▶ _WORK ITEM_: Without any pictures, retype exactly the lines that begin at the one holding "- High performance, compact" and end at the last line of the data below.

▶ _DATASET CONTENT_:
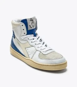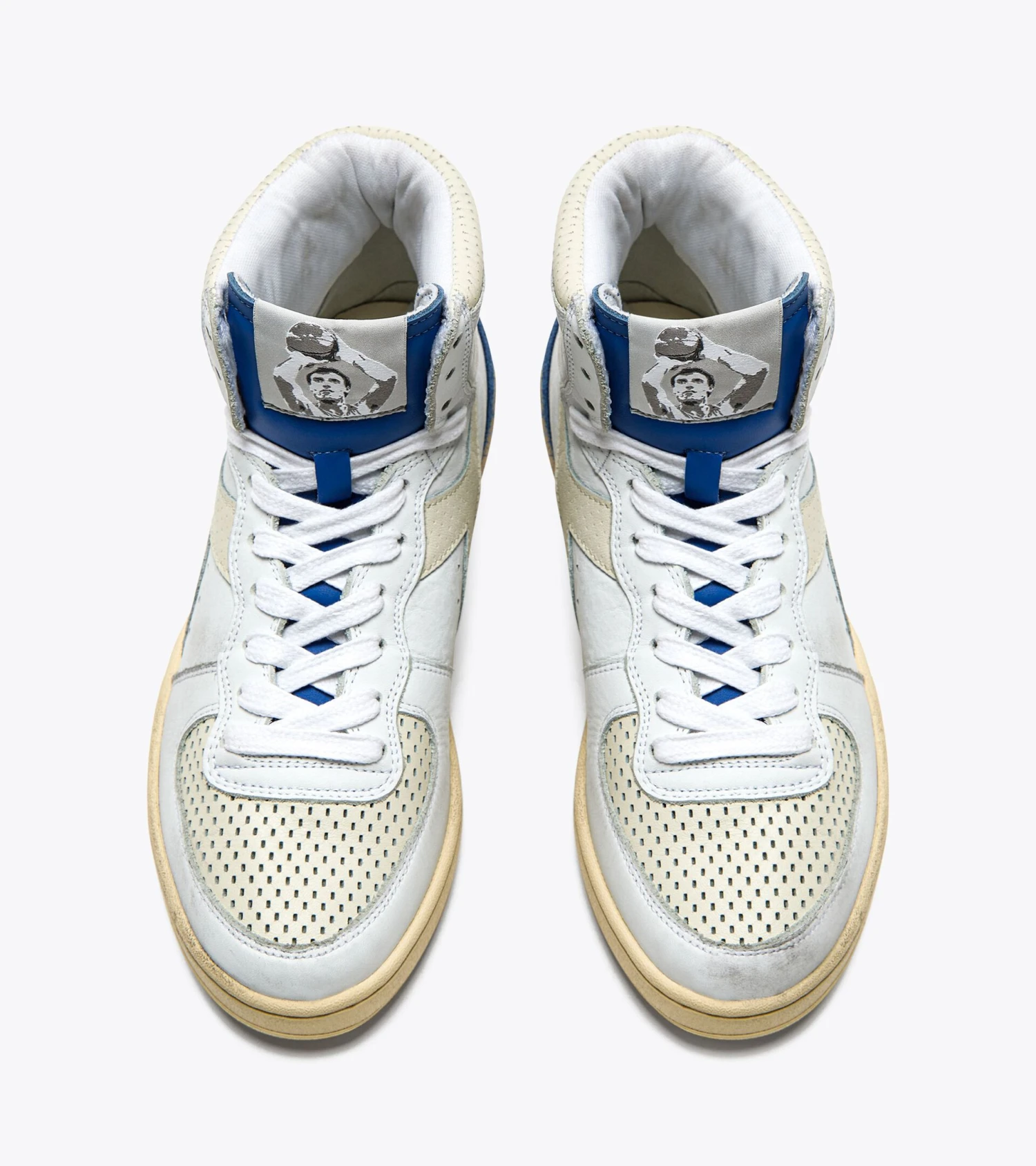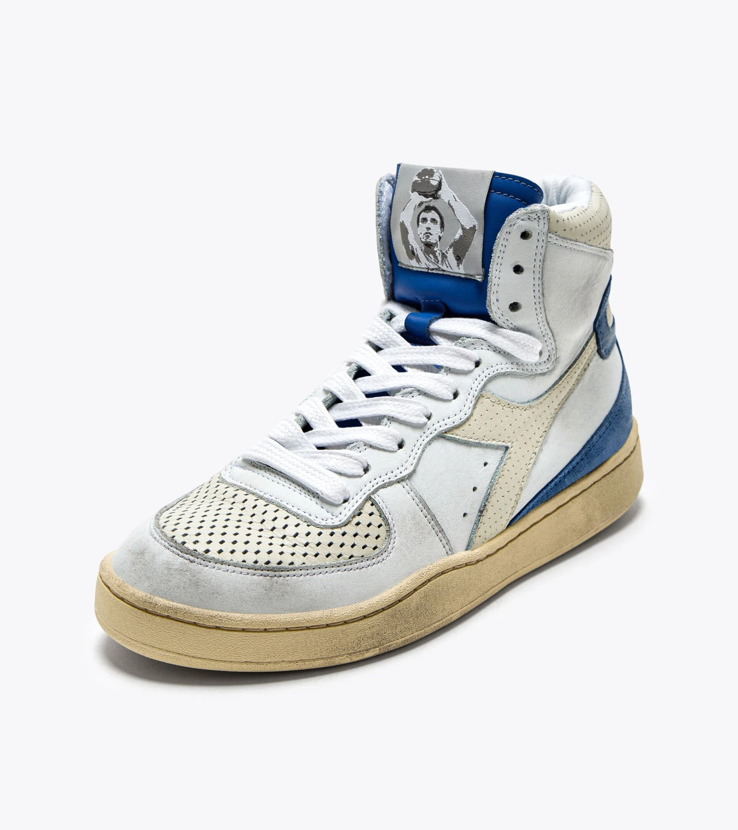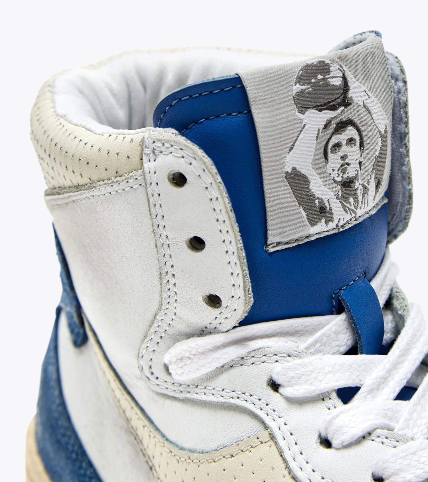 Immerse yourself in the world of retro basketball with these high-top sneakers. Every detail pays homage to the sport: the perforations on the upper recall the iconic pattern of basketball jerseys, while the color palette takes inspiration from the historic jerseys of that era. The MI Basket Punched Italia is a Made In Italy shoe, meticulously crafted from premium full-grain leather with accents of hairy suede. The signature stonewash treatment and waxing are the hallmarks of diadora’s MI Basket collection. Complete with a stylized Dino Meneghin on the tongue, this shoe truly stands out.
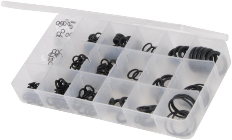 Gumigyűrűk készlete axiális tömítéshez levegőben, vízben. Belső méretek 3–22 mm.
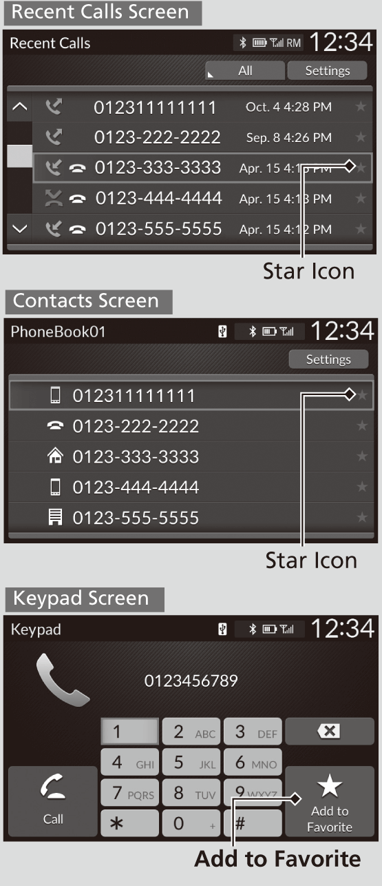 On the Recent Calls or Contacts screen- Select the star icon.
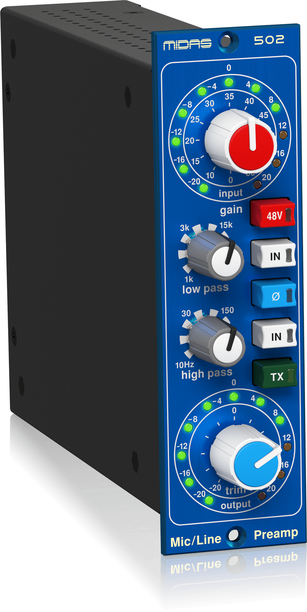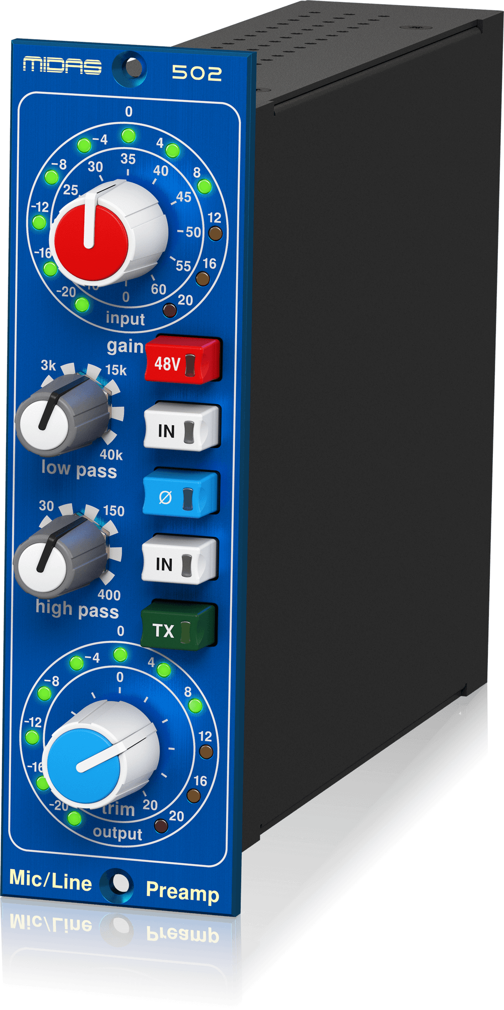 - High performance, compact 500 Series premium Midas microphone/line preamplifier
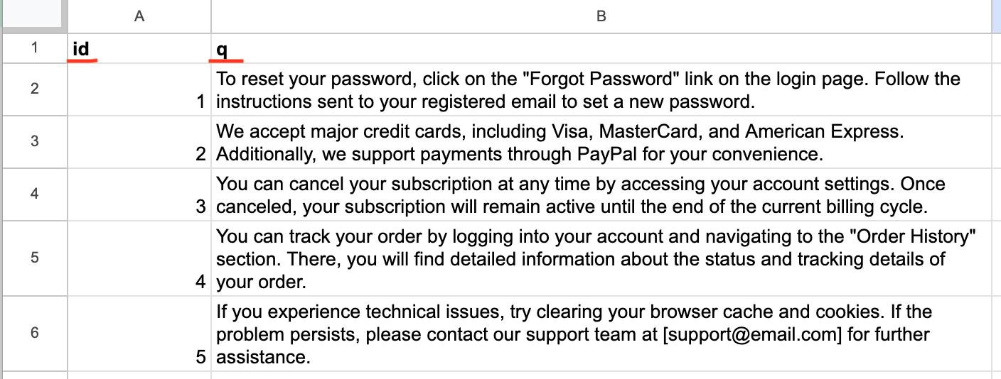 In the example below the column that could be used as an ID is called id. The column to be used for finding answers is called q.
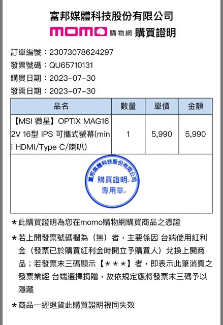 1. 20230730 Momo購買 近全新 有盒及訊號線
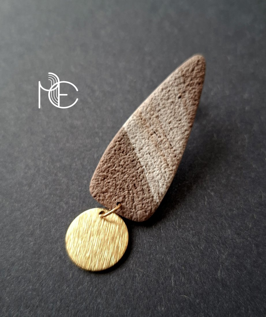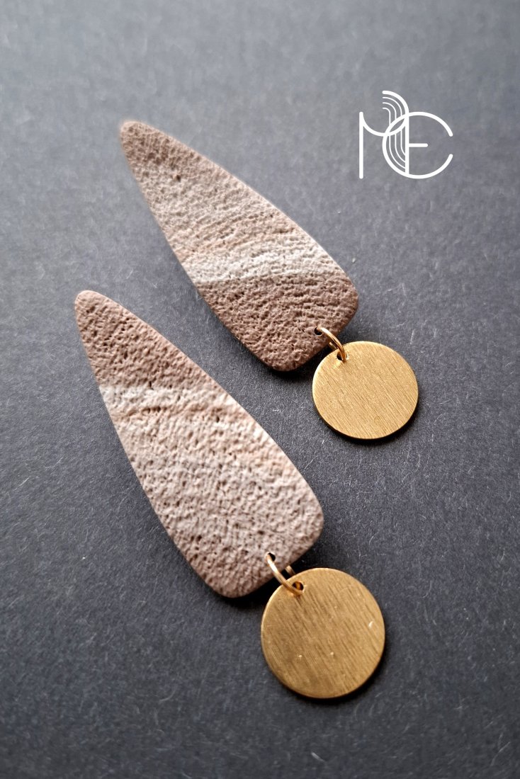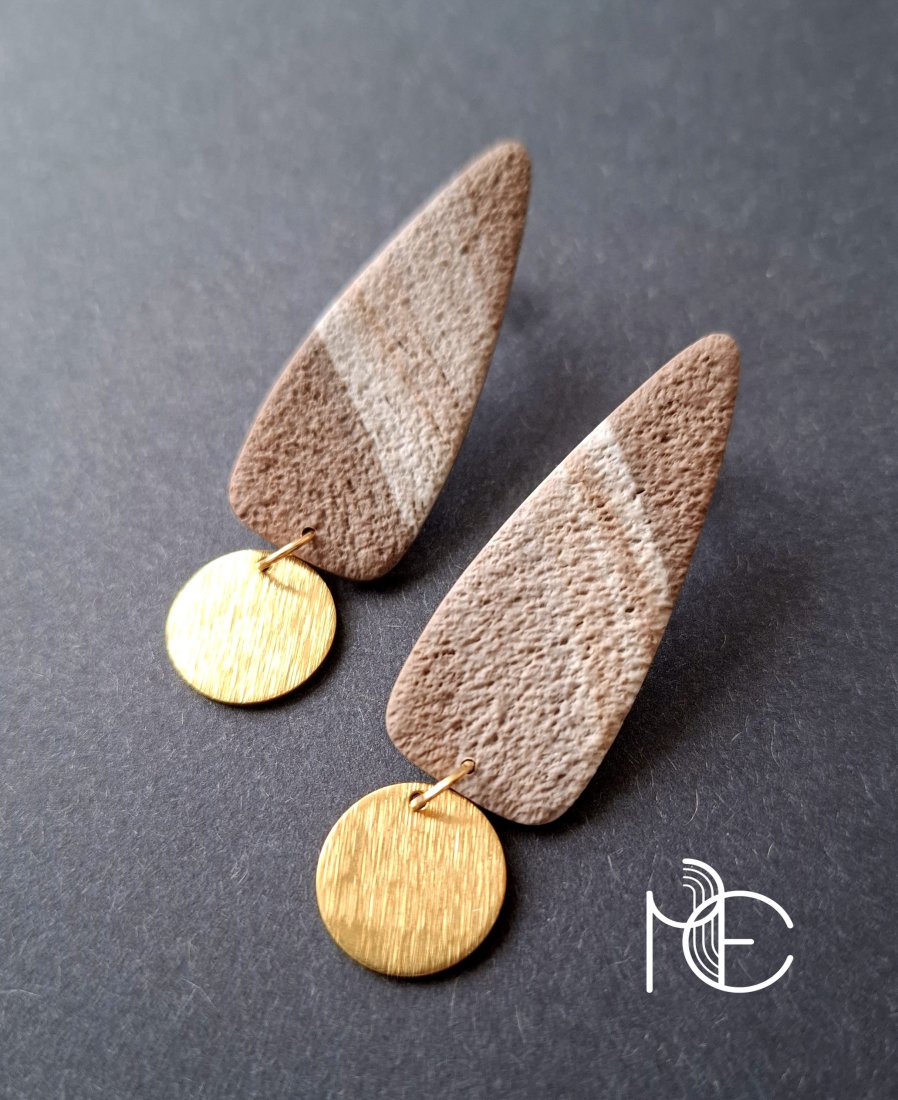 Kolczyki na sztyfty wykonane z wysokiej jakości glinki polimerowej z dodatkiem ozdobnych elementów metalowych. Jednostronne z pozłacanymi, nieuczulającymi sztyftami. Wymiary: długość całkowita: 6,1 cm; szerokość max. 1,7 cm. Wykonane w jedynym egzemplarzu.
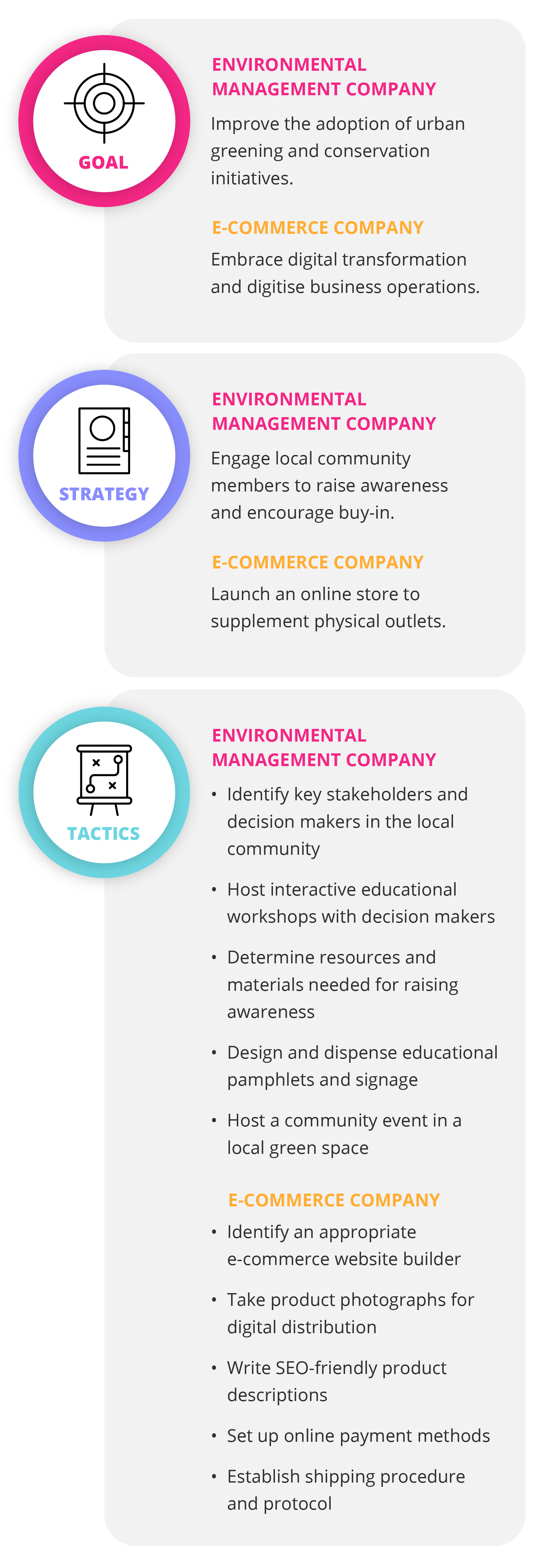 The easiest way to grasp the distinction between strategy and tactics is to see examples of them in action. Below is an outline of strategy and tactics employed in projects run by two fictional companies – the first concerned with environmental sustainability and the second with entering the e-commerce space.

▶ _EXERCISE RESPONSE_:
 - High performance, compact 500 Series premium Midas microphone/line preamplifier
 In the example below the column that could be used as an ID is called id. The column to be used for finding answers is called q.
 1. 20230730 Momo購買 近全新 有盒及訊號線
 Kolczyki na sztyfty wykonane z wysokiej jakości glinki polimerowej z dodatkiem ozdobnych elementów metalowych. Jednostronne z pozłacanymi, nieuczulającymi sztyftami. Wymiary: długość całkowita: 6,1 cm; szerokość max. 1,7 cm. Wykonane w jedynym egzemplarzu.
 The easiest way to grasp the distinction between strategy and tactics is to see examples of them in action. Below is an outline of strategy and tactics employed in projects run by two fictional companies – the first concerned with environmental sustainability and the second with entering the e-commerce space.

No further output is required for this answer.